Below, locate the line that contains "Equipped with a". Repeat exactly from that line to the line that contains "Poweramp拥有最新音频", inclusive, leaving out the pictures.

--- Dataset extract ---
◇ ◇ ◇ ◇

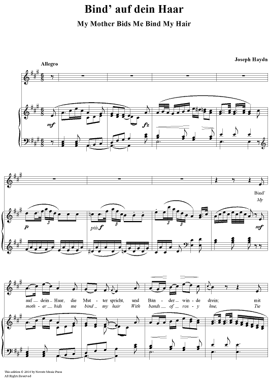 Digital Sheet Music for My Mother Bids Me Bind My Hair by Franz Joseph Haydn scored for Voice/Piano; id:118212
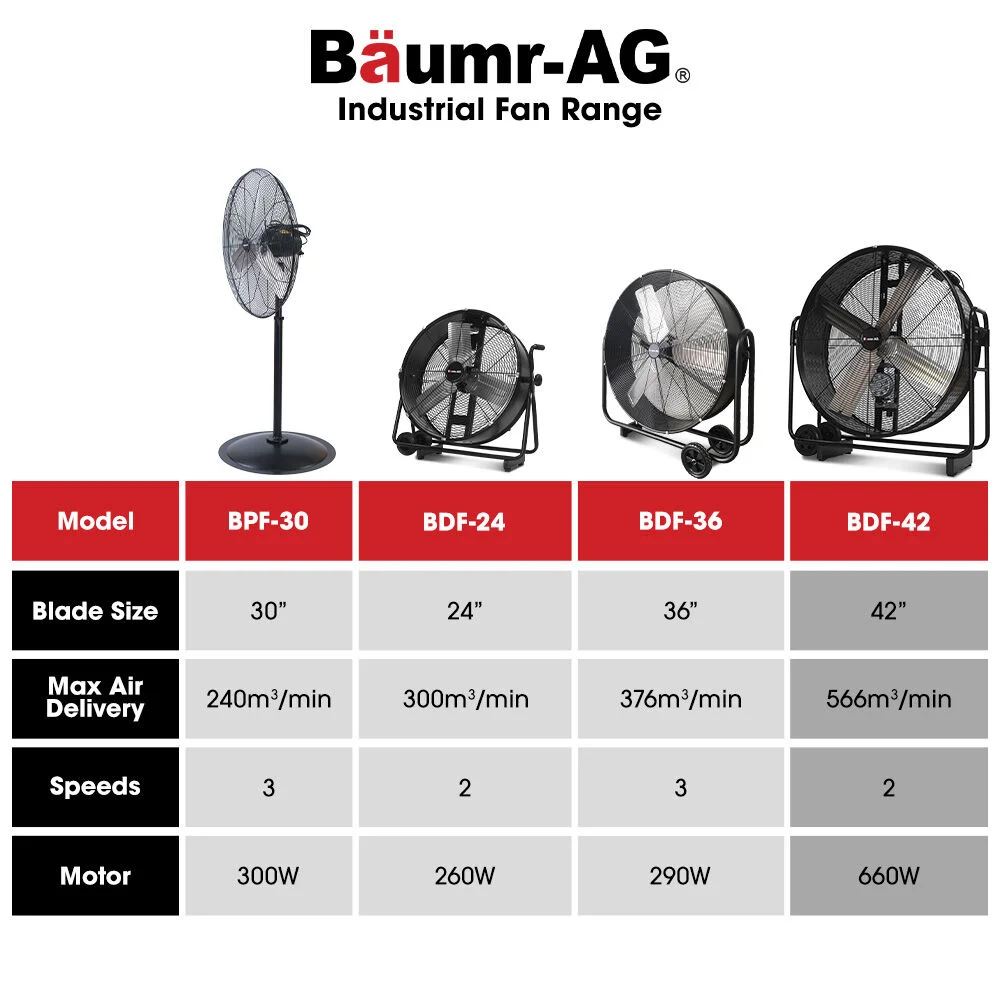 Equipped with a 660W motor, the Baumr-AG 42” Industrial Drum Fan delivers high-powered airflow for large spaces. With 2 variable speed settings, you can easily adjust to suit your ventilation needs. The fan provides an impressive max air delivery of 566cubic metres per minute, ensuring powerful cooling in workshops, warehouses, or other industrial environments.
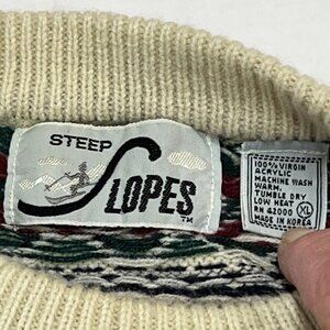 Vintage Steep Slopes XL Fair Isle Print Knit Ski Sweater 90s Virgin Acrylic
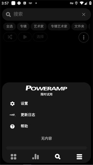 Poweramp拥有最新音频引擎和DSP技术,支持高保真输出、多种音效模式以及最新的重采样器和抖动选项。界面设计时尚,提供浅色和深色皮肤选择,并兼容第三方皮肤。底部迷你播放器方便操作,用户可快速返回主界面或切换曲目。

◇ ◇ ◇ ◇

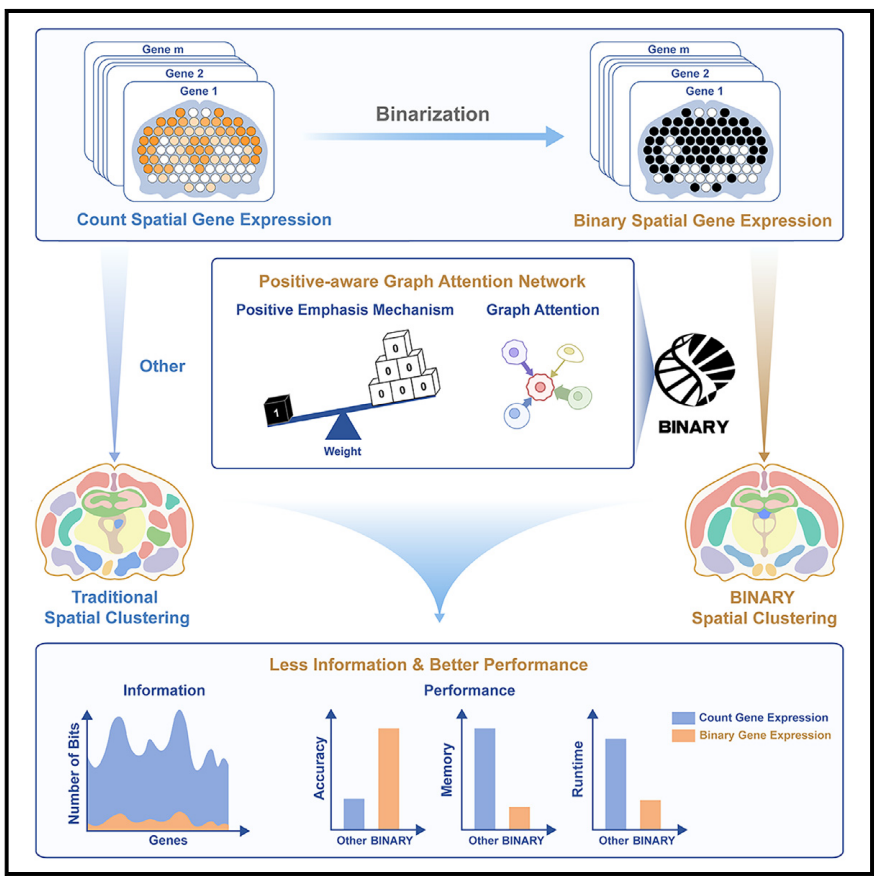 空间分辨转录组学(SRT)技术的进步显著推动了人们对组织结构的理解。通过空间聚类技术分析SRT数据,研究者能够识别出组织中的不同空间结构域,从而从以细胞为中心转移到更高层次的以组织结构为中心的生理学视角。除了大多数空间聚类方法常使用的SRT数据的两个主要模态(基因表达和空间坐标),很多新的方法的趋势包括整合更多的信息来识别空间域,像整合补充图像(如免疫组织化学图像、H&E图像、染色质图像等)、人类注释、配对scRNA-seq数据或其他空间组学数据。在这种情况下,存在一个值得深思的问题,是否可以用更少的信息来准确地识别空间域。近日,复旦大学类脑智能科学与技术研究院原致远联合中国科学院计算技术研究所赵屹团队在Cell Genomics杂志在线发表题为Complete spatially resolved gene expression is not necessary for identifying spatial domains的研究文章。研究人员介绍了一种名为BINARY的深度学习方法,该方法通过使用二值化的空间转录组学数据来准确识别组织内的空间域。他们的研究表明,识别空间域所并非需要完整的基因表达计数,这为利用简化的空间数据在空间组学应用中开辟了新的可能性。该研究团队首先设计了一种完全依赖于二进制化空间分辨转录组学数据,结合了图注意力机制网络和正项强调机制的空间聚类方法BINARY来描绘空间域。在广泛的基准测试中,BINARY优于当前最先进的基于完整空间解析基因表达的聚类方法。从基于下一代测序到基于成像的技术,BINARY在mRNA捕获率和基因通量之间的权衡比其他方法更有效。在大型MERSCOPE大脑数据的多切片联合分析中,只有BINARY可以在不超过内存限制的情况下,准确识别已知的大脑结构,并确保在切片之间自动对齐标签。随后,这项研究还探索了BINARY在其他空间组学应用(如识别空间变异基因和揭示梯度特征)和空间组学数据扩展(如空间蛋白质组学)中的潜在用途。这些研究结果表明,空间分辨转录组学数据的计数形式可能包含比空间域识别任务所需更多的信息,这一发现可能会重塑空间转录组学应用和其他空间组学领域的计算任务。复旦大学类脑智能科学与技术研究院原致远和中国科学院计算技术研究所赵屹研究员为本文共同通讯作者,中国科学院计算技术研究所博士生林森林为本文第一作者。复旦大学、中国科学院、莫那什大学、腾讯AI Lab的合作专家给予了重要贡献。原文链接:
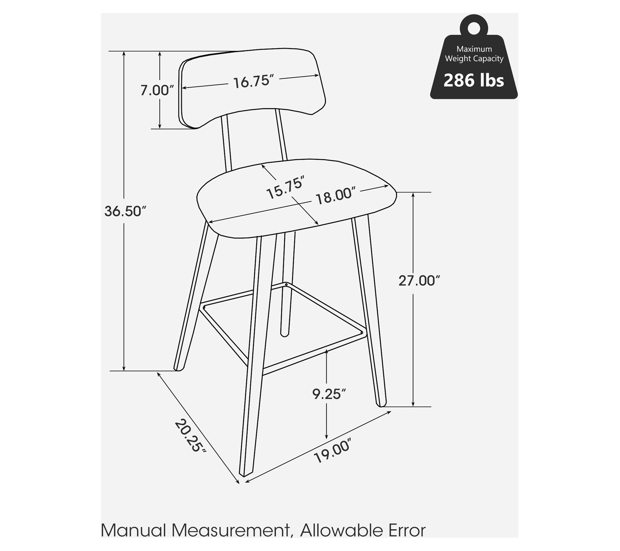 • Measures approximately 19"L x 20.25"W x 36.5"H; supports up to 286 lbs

◇ ◇ ◇ ◇

--- Response box ---
 Equipped with a 660W motor, the Baumr-AG 42” Industrial Drum Fan delivers high-powered airflow for large spaces. With 2 variable speed settings, you can easily adjust to suit your ventilation needs. The fan provides an impressive max air delivery of 566cubic metres per minute, ensuring powerful cooling in workshops, warehouses, or other industrial environments.
 Vintage Steep Slopes XL Fair Isle Print Knit Ski Sweater 90s Virgin Acrylic
 Poweramp拥有最新音频引擎和DSP技术,支持高保真输出、多种音效模式以及最新的重采样器和抖动选项。界面设计时尚,提供浅色和深色皮肤选择,并兼容第三方皮肤。底部迷你播放器方便操作,用户可快速返回主界面或切换曲目。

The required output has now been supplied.